More importantly, the Middle East “benefits from a young population, with more than 50 per cent being under the age of 30. In the region’s wealthiest countries, the proportions range from 50 per cent (UAE) to 57 per cent (Saudi Arabia). In the UAE, Emirati teenagers spend $100 per month on clothes and accessories, more than six times the global average for their peer group. This offers tremendous potential for the luxury market, not only in the sheer force of numbers but also in the opportunity for brands to overcome the fickleness of young consumers and build loyalty early.”
Furthermore, it seems that shopping is embedded in the region’s culture, with 90 per cent of nationals saying that they go out shopping ‘regularly’, and 95 per cent whenever they ‘feel like it’. The report goes on to suggest that “unlike elsewhere in the world, where malls tend to be for the mass market, in the GCC they are a natural environment for luxury, too.

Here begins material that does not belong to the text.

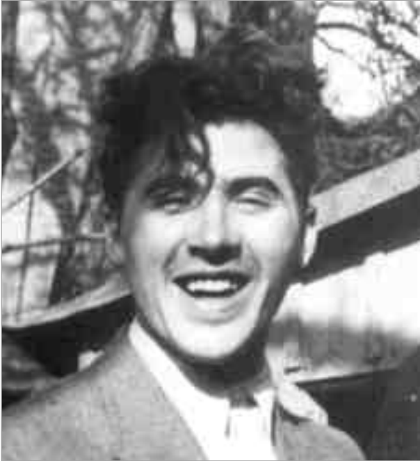
Otto (Otl) Aicher (1922–1991) als Gymnasiast

Exkurs. Dabei hätte grade die Verbindung Otl Aicher–Hans Scholl nach dem Stuttgarter Prozess besonders nahegelegen, weil Aicher knapp einem ähnlichen Schicksal entgangen war. Aicher hatte Kontakt zum katholischen Quickborn und war von Jugend auf ein entschiedener Gegner des NS-Regimes. Eine Verordnung des Württembergischen Innenministeriums vom 8.8.1935 hatte ein „Verbot der außerreligiösen Betätigung in konfessionellen Verbänden“ ausgesprochen (Min. Amtsblatt, S. 206). Im Zuge der Verfolgung „bündischer Umtriebe“ geriet natürlich auch der Quickborn ins Visier der Ermittler. 11 Aicher war mit seinem Freund Ernst Klar am 10.8.1937 in Berlin verhaftet und als 15-Jähriger in der Gestapo-Zentrale Prinz-

And their purpose goes far deeper than the act of shopping: they are a pillar of social life, serving as ‘social clubs’, especially for the young – being one of the few socially acceptable places for even limited mingling between men and women. GCC nationals are also high spenders, both at home and abroad. Locally, they spend an average of $1,300 monthly on clothing and accessories of which $700 is on ready-to-wear and $300 on shoes, compared with $120 and $15 respectively for UK shoppers in the UK.”
High-end fashion and accessories represent 35–40 per cent of the GCC market (versus 50 per cent globally), beauty 25 per cent (in line with global norms, albeit with a much heavier weighting towards fragrances) and hard luxury representing 30–35 per cent (versus 20 per cent globally).
Clearly, the outlook for luxury is positive, with Bain & Company’s research predicting growth of seven to nine per cent in the Middle East luxury market in 2011 to 2014.